Russian industrial production slowed faster than expected in December 2011 and recorded the lowest figure since 2009, according to State Statistics Service data.
Output in December grew 2.5 percent compared with the same month in the previous year. In November, the figure was 3.9 percent. Total year-on-year output growth from factories, mines and utilities in 2011 was 4.7 percent, a drop from 8.2 percent in 2010, the service said Tuesday.
Troika Dialog analysts put the disappointing December figure, which dipped below a Bloomberg expectation survey result of 3.4 percent, down to warmer than average temperatures and fewer working days than the previous year. The 0.2 percent point fall in the December unemployment rate to 6.3 percent, they said, supported this thesis of sustainable economic growth.
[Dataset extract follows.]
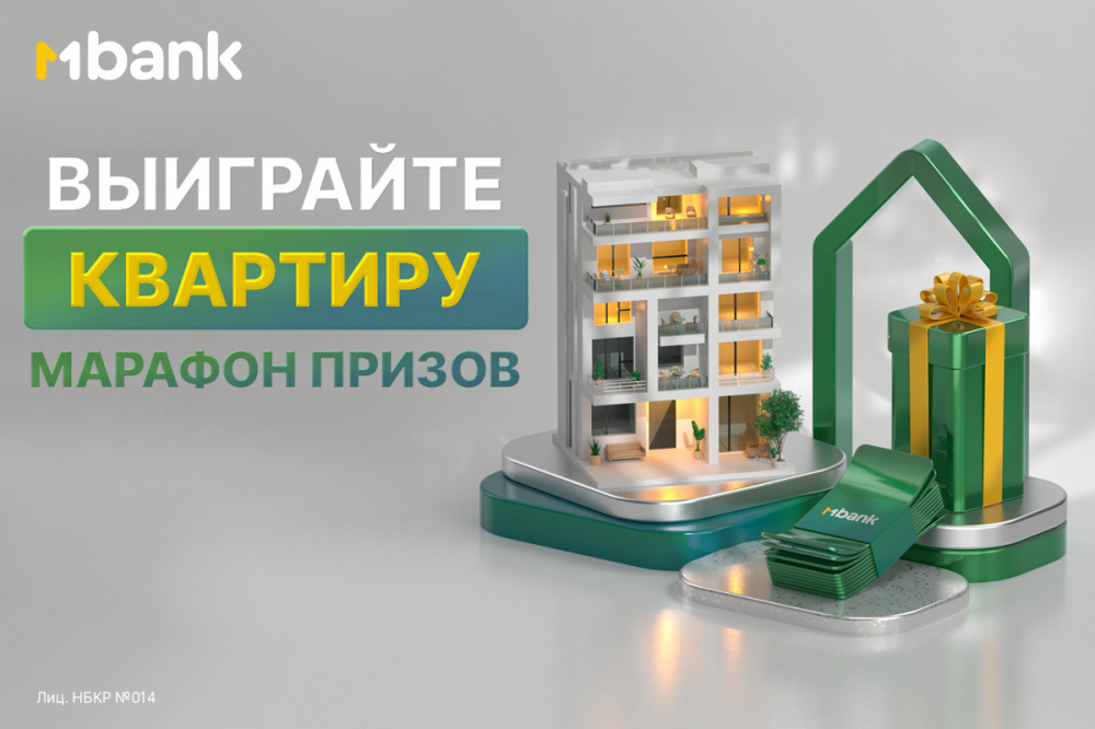 MBANK объявляет о начале акции "Марафон призов"! Это ваш шанс превратить оплату интернета, пополнение счета, покупку билета и другое - в реальную возможность получить ключи от новой квартиры в Бишкеке и выиграть миллионы сомов.

Output at mines in December grew 1.8 percent year on year, industrial manufacturing showed 3.3 percent growth while utilities output shrank 5.1 percent.
The figures may weigh on the Central Bank's decision on interest rates that is expected in February. VTB Capital analysts even said in a research note that the figures might be worrying for the government. "The poor industrial production performance is likely to highlight even more the urgency of economic reforms to policymakers," they said.
Prime Minister Vladimir Putin, who is likely to become president after the election on March 4, is targeting annual gross domestic product growth of 6 percent. Growth was 4.2 percent in 2011.